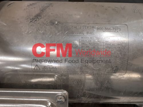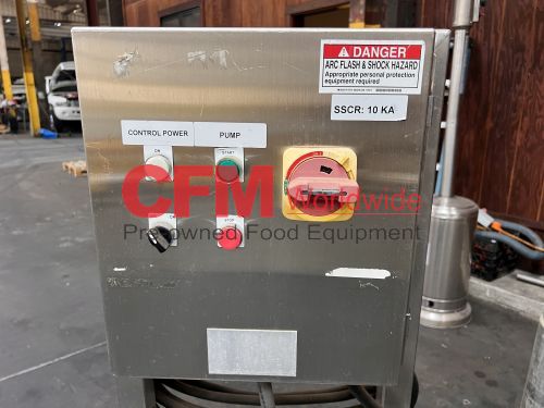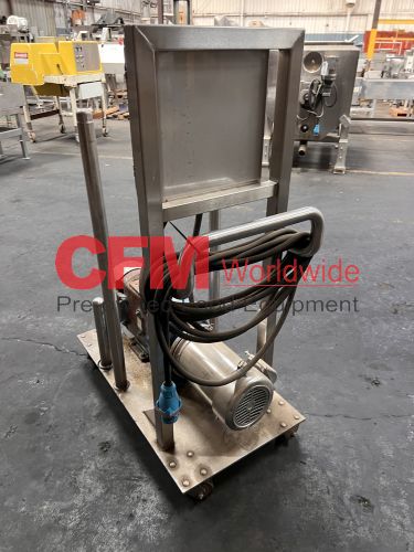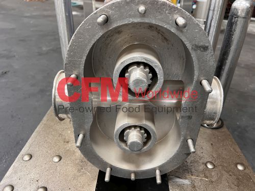 Waukesha model 130 positive displacement pump, 3" Tri-Clamp fittings, 5hp stainless steel direct gearhead drive with Waukesha gearbox, stainless steel mobile cart with control panel, missing face plate and rotors, serial number 412511-06, as is, fair condition.
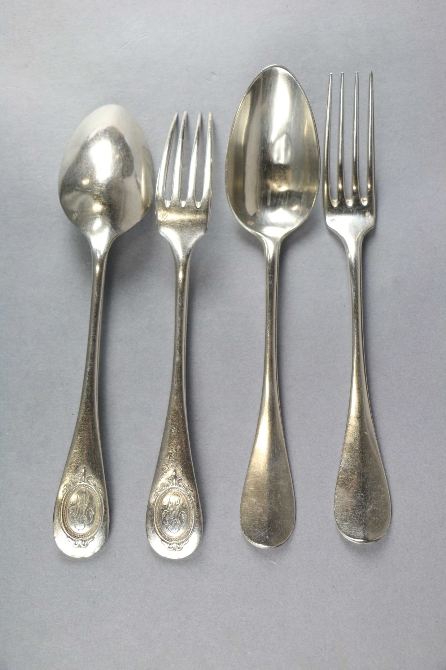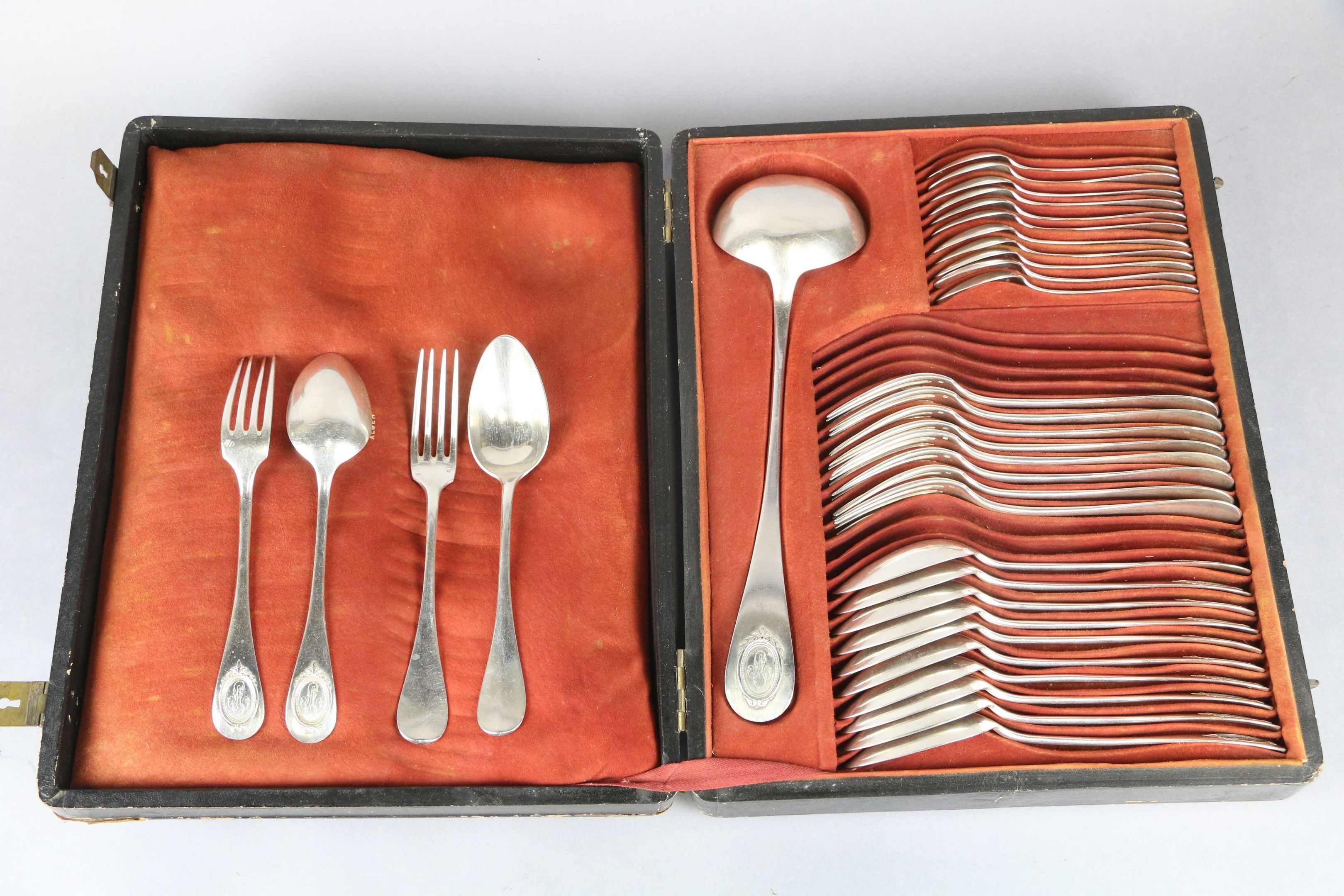 A silver MENAGERE of the baguette design with a monogrammed back decorated with foliate reserves, comprising ten large flatware pieces and two spoons, eleven teaspoons and a ladle. Minerve hallmark.
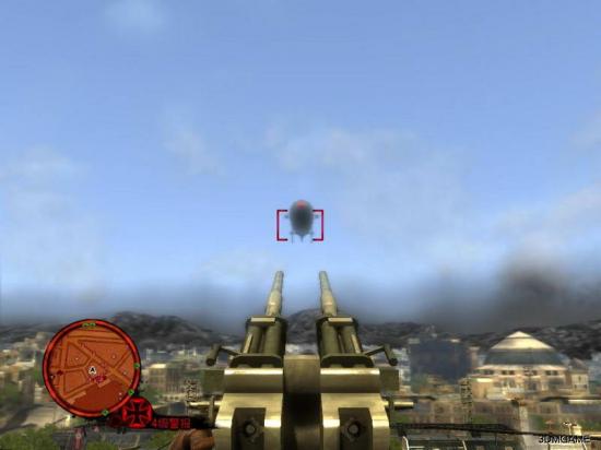 天上一共四艘飞艇,你要做的就是把防空炮做360度旋转射击就可以了,打不完的,到5级警报的时候飞机也来凑热闹了,击落一架又来一架,前仆后继的向你扑来,地下的小喽罗根本连你毛都碰不到,不过撤退的时候有点悬乎了,因为在你打得不亦乐乎的时候,下面街上几乎停满了坦克和装甲车,我就悲剧了,开一辆赛车逃跑的时候,一辆坦克把我的车轰到半空中,另一辆坦克一发炮弹就把我打得去见马克思了
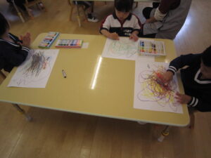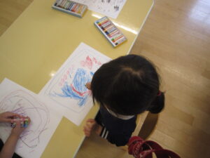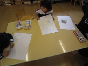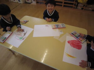 5/15(月)【わくわくC】経験画 2023/05/15 金曜日の親子遠足、クラス全員で元気に参加することが出来ました。ありがとうございました。 朝早くからのお弁当作りもありがとうございました。「みんなとても美味しそう!」にこにこと楽しく食べていましたね。 今日は、みんな大好きお弁当を思い出して描きました。 ▼おにぎりにぶどうにいちご。 ▼すきなおかずをたくさん詰めてもらったね。 わくわくC組 松下
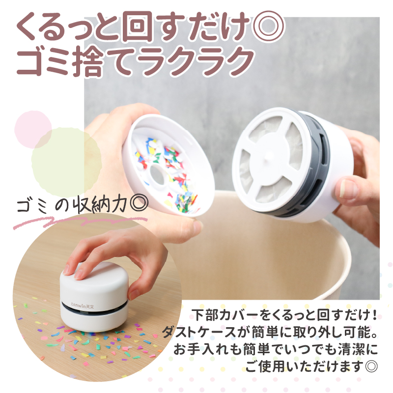・本体下部をくるっと回すだけで、ダストケースが簡単に取り外し可能。お手入れも簡単で、いつでも清潔にご使用いただけます。
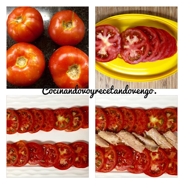 Lavamos los tomates y los cortamos como más nos guste, yo suelo servirlos en rodajas. Colocar en tomate en una ensaladera.
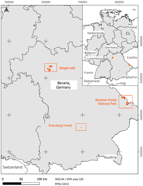 Within this study, three distinct areas of interest (AOI) were meticulously examined (as illustrated in Figure 2). The reference data employed for analysis correspond to these specific regions, encompassing large parts of the Bavarian Forest National Park [44,45], situated at coordinates 49°15′N, 13°15′E, where the data were acquired via helicopter in 2016, covering a vast expanse of 1443 hectares. Additionally, the study included the Steigerwald Forest [46], located at coordinates 48°25′N, 11°40′E, with data collected using a helicopter in 2017, encapsulating an area of 2600 hectares. Furthermore, the investigation extended to the Kranzberg Forest [47], positioned at coordinates 49°53′N, 10°32′E, where the dataset was acquired through UAVs in 2020, focusing on a more confined seven-hectare terrain. These diverse areas provided a rich and varied dataset essential for the comprehensive analysis conducted within this study.
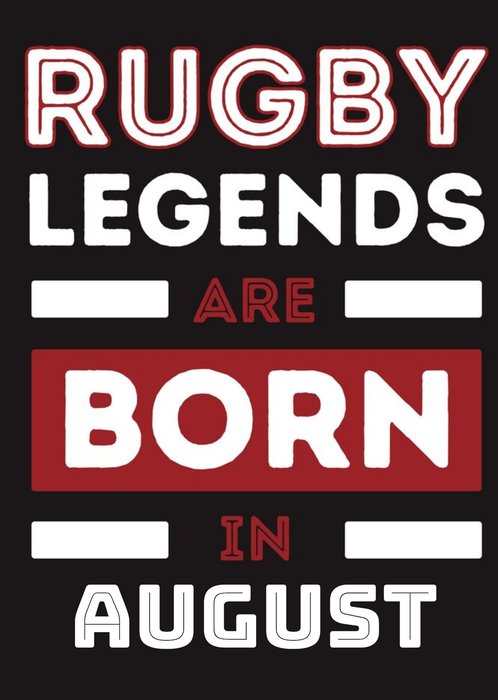 Text reads: "Rugby Legends Are Born In August". Month is customisable.
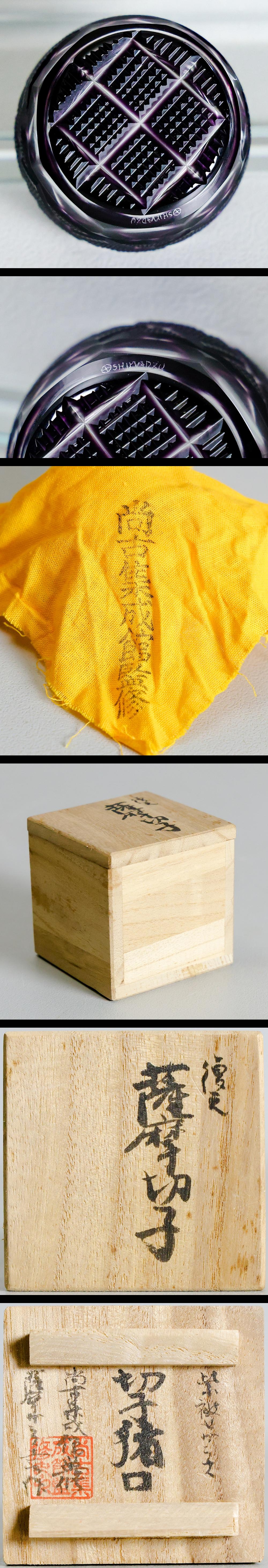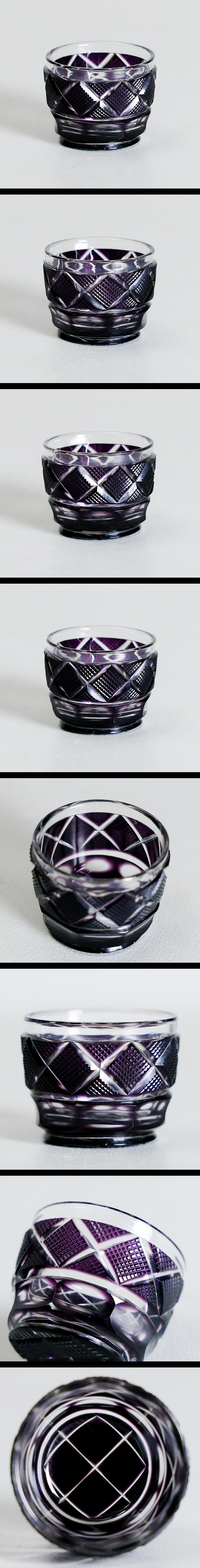【真作】【WISH】薩摩ガラス工芸「復元 薩摩切子 紫被せガラス 切子猪口」 尚古集成館監修 クリスタルガラス 共箱 高さ4㎝ #25126045 收藏
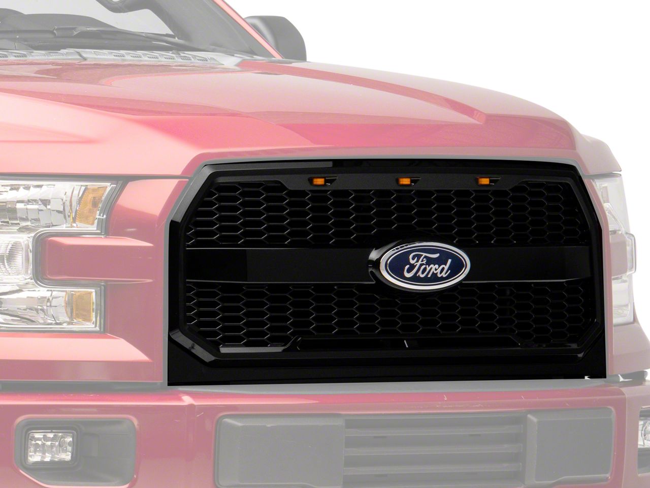 LED Accent Lighting. This Baja Style Grille also includes three high mount amber LED accent lights. These LED accent lights come with a wiring harness that simply splices into your F-150's existing factory headlight harness. The LEDs will then automatically activate in conjunction with your running lights. The eye-catching LEDs not only look great, but will also make your F-150 more visible to other drivers at night and in poor weather conditions.

## Work request
Give every entry again as it is, dropping its pictures.

## Solution to the problem
 Waukesha model 130 positive displacement pump, 3" Tri-Clamp fittings, 5hp stainless steel direct gearhead drive with Waukesha gearbox, stainless steel mobile cart with control panel, missing face plate and rotors, serial number 412511-06, as is, fair condition.
 A silver MENAGERE of the baguette design with a monogrammed back decorated with foliate reserves, comprising ten large flatware pieces and two spoons, eleven teaspoons and a ladle. Minerve hallmark.
 天上一共四艘飞艇,你要做的就是把防空炮做360度旋转射击就可以了,打不完的,到5级警报的时候飞机也来凑热闹了,击落一架又来一架,前仆后继的向你扑来,地下的小喽罗根本连你毛都碰不到,不过撤退的时候有点悬乎了,因为在你打得不亦乐乎的时候,下面街上几乎停满了坦克和装甲车,我就悲剧了,开一辆赛车逃跑的时候,一辆坦克把我的车轰到半空中,另一辆坦克一发炮弹就把我打得去见马克思了
 5/15(月)【わくわくC】経験画 2023/05/15 金曜日の親子遠足、クラス全員で元気に参加することが出来ました。ありがとうございました。 朝早くからのお弁当作りもありがとうございました。「みんなとても美味しそう!」にこにこと楽しく食べていましたね。 今日は、みんな大好きお弁当を思い出して描きました。 ▼おにぎりにぶどうにいちご。 ▼すきなおかずをたくさん詰めてもらったね。 わくわくC組 松下
・本体下部をくるっと回すだけで、ダストケースが簡単に取り外し可能。お手入れも簡単で、いつでも清潔にご使用いただけます。
 Lavamos los tomates y los cortamos como más nos guste, yo suelo servirlos en rodajas. Colocar en tomate en una ensaladera.
 Within this study, three distinct areas of interest (AOI) were meticulously examined (as illustrated in Figure 2). The reference data employed for analysis correspond to these specific regions, encompassing large parts of the Bavarian Forest National Park [44,45], situated at coordinates 49°15′N, 13°15′E, where the data were acquired via helicopter in 2016, covering a vast expanse of 1443 hectares. Additionally, the study included the Steigerwald Forest [46], located at coordinates 48°25′N, 11°40′E, with data collected using a helicopter in 2017, encapsulating an area of 2600 hectares. Furthermore, the investigation extended to the Kranzberg Forest [47], positioned at coordinates 49°53′N, 10°32′E, where the dataset was acquired through UAVs in 2020, focusing on a more confined seven-hectare terrain. These diverse areas provided a rich and varied dataset essential for the comprehensive analysis conducted within this study.
 Text reads: "Rugby Legends Are Born In August". Month is customisable.
【真作】【WISH】薩摩ガラス工芸「復元 薩摩切子 紫被せガラス 切子猪口」 尚古集成館監修 クリスタルガラス 共箱 高さ4㎝ #25126045 收藏
 LED Accent Lighting. This Baja Style Grille also includes three high mount amber LED accent lights. These LED accent lights come with a wiring harness that simply splices into your F-150's existing factory headlight harness. The LEDs will then automatically activate in conjunction with your running lights. The eye-catching LEDs not only look great, but will also make your F-150 more visible to other drivers at night and in poor weather conditions.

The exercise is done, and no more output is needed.